◆ Exercise details
Which lines of the entries below run from the one holding "프로축구 K리그2 아산무궁화" to the one holding "Efektem wspólnej pracy", inclusive? Set down exactly those lines and no others.

◆ Available data
──────────────────────────────

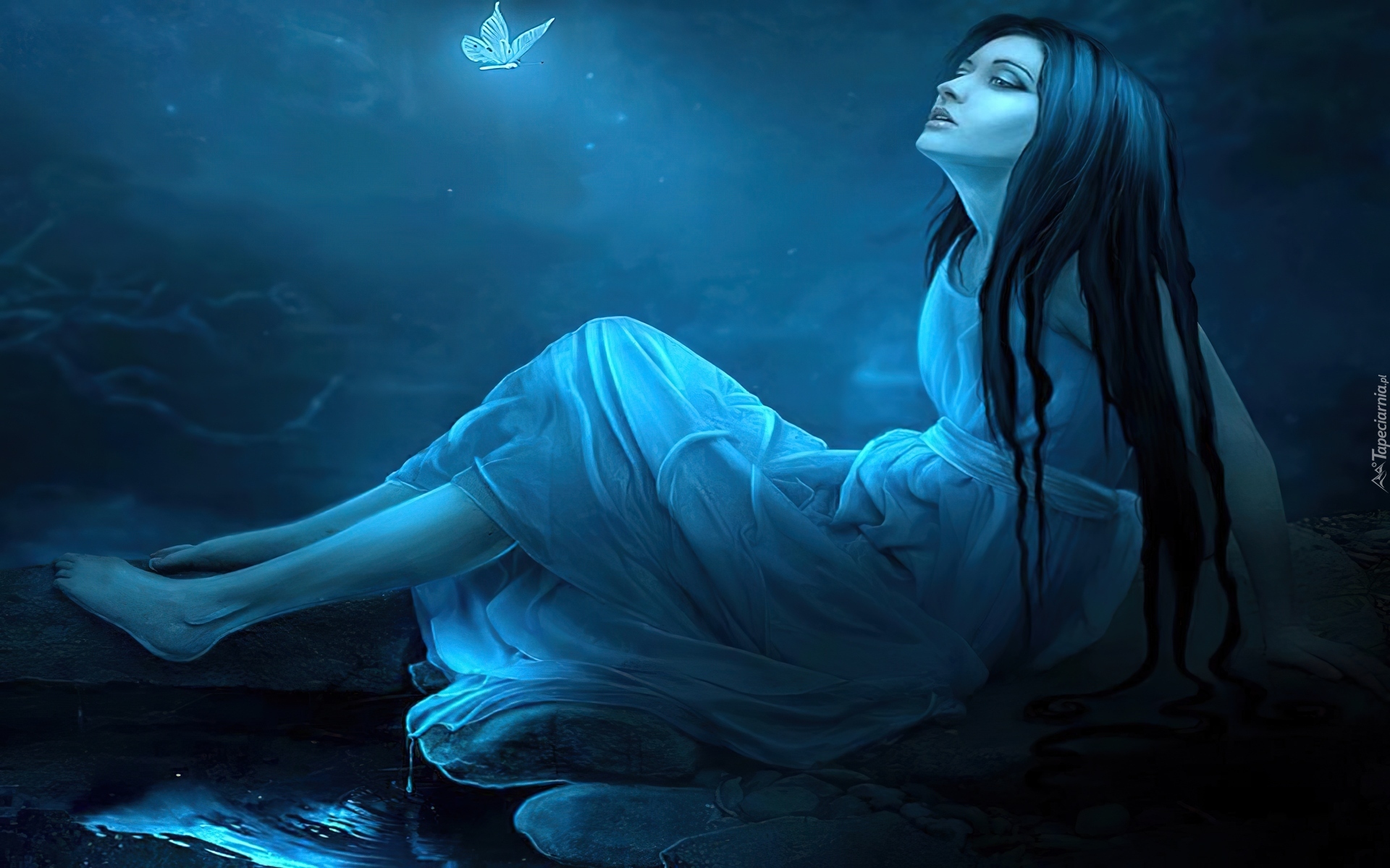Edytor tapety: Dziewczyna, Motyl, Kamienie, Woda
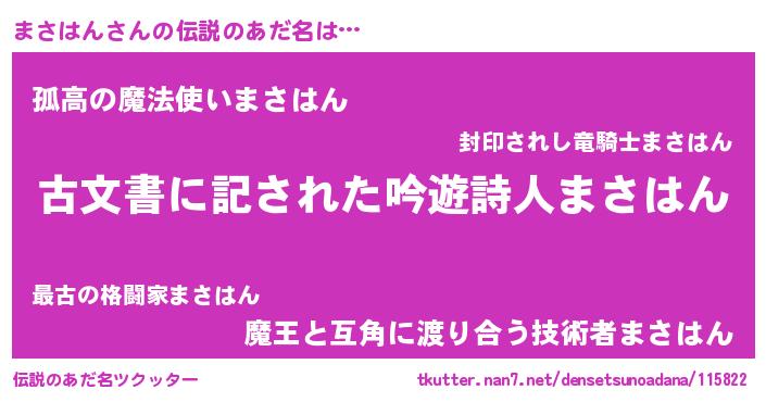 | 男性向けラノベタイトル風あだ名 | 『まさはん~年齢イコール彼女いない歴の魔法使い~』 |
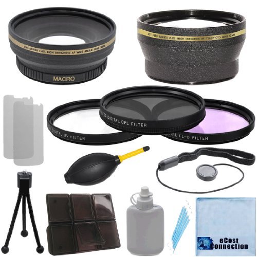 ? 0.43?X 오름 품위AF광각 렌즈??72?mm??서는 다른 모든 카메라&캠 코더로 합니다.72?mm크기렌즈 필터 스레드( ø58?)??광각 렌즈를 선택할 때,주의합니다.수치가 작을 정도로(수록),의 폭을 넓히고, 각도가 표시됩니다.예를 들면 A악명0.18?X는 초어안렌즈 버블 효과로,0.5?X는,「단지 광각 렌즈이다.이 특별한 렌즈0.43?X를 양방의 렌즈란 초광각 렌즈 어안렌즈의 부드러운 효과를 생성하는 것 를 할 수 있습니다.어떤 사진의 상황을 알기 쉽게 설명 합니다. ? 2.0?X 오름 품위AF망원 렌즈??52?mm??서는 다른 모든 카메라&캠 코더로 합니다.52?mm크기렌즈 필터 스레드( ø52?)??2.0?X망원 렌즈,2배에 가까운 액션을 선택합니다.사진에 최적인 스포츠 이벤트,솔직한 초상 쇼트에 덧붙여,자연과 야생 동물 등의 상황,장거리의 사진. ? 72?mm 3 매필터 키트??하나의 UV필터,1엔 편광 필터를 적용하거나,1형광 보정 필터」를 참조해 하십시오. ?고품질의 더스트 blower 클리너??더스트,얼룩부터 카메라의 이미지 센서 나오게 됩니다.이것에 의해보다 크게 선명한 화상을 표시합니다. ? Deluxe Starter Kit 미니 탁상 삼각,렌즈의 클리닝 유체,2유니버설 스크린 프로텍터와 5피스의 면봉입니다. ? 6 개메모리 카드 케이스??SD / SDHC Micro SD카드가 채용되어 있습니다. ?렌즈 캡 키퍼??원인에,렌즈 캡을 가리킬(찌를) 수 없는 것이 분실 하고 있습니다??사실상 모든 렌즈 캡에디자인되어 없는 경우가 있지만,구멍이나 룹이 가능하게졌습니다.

──────────────────────────────

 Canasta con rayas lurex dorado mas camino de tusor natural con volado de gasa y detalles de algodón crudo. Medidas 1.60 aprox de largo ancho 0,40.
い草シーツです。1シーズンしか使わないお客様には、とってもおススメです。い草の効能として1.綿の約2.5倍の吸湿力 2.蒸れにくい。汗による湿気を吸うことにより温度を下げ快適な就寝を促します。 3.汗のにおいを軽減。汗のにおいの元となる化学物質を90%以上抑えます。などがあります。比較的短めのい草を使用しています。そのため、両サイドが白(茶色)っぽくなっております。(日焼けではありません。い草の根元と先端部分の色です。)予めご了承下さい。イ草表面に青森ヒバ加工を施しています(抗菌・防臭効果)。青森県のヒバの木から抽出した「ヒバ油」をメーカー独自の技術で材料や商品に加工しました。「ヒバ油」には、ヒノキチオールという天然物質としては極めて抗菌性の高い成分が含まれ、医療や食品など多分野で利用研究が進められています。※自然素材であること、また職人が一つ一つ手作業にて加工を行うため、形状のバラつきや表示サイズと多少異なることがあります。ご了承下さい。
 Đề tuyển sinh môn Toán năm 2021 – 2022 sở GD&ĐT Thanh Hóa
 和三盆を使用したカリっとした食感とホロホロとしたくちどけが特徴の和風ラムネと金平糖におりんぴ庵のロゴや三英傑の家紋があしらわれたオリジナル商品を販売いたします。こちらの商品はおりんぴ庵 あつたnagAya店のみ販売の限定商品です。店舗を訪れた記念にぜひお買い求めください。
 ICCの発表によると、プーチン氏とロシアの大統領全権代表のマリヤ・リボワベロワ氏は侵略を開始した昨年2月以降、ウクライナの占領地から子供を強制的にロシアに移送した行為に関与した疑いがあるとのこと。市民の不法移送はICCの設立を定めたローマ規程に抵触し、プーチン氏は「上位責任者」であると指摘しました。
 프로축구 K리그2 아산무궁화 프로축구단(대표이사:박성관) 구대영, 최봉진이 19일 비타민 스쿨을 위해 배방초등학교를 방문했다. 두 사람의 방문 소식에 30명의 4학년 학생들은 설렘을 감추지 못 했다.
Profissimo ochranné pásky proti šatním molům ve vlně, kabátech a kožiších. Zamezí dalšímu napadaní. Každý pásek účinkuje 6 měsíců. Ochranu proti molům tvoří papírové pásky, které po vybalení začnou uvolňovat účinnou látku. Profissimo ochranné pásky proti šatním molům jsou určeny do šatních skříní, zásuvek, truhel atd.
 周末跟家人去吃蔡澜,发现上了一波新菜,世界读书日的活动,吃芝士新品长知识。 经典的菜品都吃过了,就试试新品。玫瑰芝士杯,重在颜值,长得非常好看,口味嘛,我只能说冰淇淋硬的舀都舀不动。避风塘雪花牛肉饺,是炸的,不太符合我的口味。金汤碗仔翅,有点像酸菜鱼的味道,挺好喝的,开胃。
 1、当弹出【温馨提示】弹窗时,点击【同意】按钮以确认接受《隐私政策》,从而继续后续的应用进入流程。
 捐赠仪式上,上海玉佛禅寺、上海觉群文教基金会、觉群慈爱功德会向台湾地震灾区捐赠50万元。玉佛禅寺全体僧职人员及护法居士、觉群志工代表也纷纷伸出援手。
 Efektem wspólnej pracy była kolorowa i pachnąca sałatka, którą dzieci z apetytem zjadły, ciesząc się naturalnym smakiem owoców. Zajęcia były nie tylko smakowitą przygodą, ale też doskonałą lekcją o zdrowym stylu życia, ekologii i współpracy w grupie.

──────────────────────────────

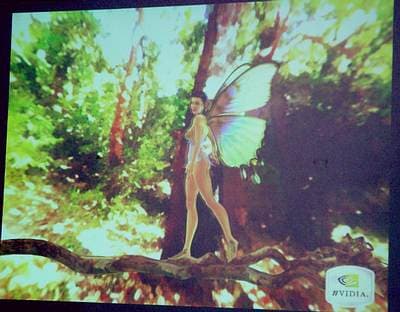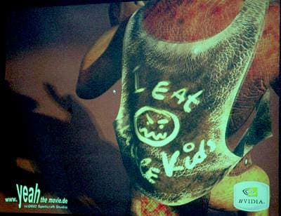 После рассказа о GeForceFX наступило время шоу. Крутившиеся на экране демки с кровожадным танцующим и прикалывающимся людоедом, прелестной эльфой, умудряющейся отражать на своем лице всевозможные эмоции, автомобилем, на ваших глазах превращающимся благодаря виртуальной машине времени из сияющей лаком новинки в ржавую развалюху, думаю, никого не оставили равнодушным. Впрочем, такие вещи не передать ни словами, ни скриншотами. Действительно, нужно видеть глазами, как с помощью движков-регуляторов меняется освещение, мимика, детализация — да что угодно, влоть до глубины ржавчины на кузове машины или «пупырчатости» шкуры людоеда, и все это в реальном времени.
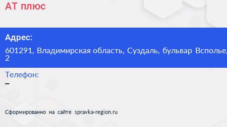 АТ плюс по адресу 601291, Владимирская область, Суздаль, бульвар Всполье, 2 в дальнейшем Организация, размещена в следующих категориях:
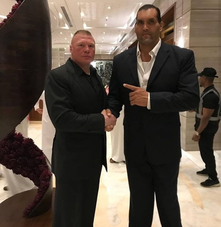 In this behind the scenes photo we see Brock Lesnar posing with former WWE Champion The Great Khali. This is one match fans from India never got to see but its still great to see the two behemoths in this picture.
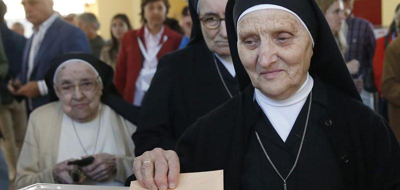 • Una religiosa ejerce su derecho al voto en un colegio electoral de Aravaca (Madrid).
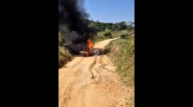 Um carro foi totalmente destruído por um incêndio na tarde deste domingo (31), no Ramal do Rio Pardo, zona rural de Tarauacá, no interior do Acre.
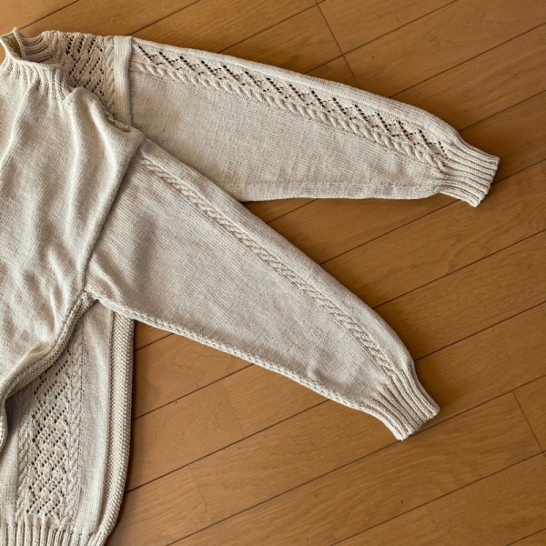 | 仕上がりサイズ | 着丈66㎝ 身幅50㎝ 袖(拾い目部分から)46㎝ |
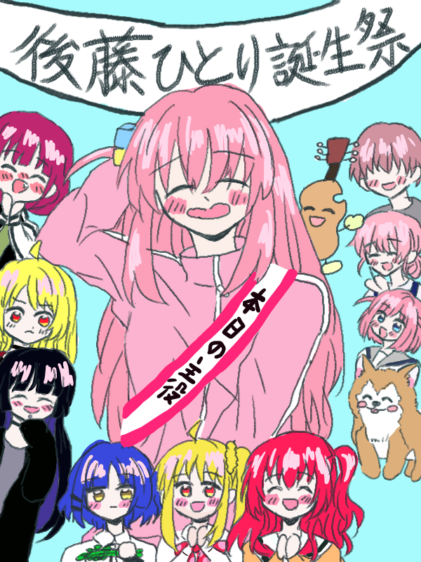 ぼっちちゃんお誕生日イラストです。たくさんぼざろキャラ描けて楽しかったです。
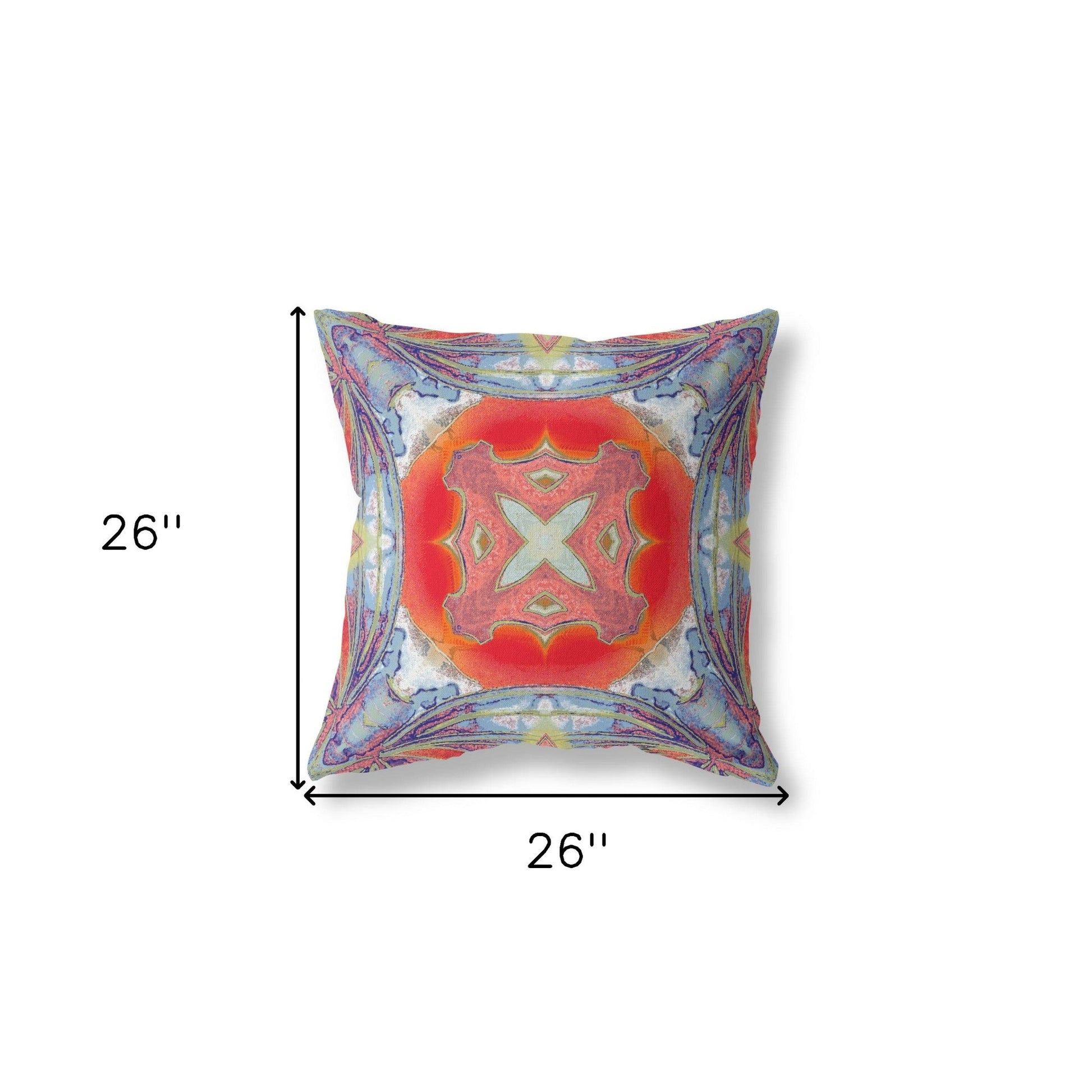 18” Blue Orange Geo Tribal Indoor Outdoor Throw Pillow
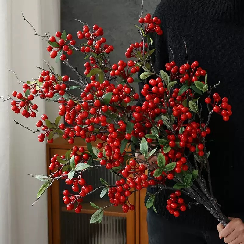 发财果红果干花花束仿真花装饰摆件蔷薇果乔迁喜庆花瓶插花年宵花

──────────────────────────────

◆ Worked solution
 프로축구 K리그2 아산무궁화 프로축구단(대표이사:박성관) 구대영, 최봉진이 19일 비타민 스쿨을 위해 배방초등학교를 방문했다. 두 사람의 방문 소식에 30명의 4학년 학생들은 설렘을 감추지 못 했다.
Profissimo ochranné pásky proti šatním molům ve vlně, kabátech a kožiších. Zamezí dalšímu napadaní. Každý pásek účinkuje 6 měsíců. Ochranu proti molům tvoří papírové pásky, které po vybalení začnou uvolňovat účinnou látku. Profissimo ochranné pásky proti šatním molům jsou určeny do šatních skříní, zásuvek, truhel atd.
 周末跟家人去吃蔡澜,发现上了一波新菜,世界读书日的活动,吃芝士新品长知识。 经典的菜品都吃过了,就试试新品。玫瑰芝士杯,重在颜值,长得非常好看,口味嘛,我只能说冰淇淋硬的舀都舀不动。避风塘雪花牛肉饺,是炸的,不太符合我的口味。金汤碗仔翅,有点像酸菜鱼的味道,挺好喝的,开胃。
 1、当弹出【温馨提示】弹窗时,点击【同意】按钮以确认接受《隐私政策》,从而继续后续的应用进入流程。
 捐赠仪式上,上海玉佛禅寺、上海觉群文教基金会、觉群慈爱功德会向台湾地震灾区捐赠50万元。玉佛禅寺全体僧职人员及护法居士、觉群志工代表也纷纷伸出援手。
 Efektem wspólnej pracy była kolorowa i pachnąca sałatka, którą dzieci z apetytem zjadły, ciesząc się naturalnym smakiem owoców. Zajęcia były nie tylko smakowitą przygodą, ale też doskonałą lekcją o zdrowym stylu życia, ekologii i współpracy w grupie.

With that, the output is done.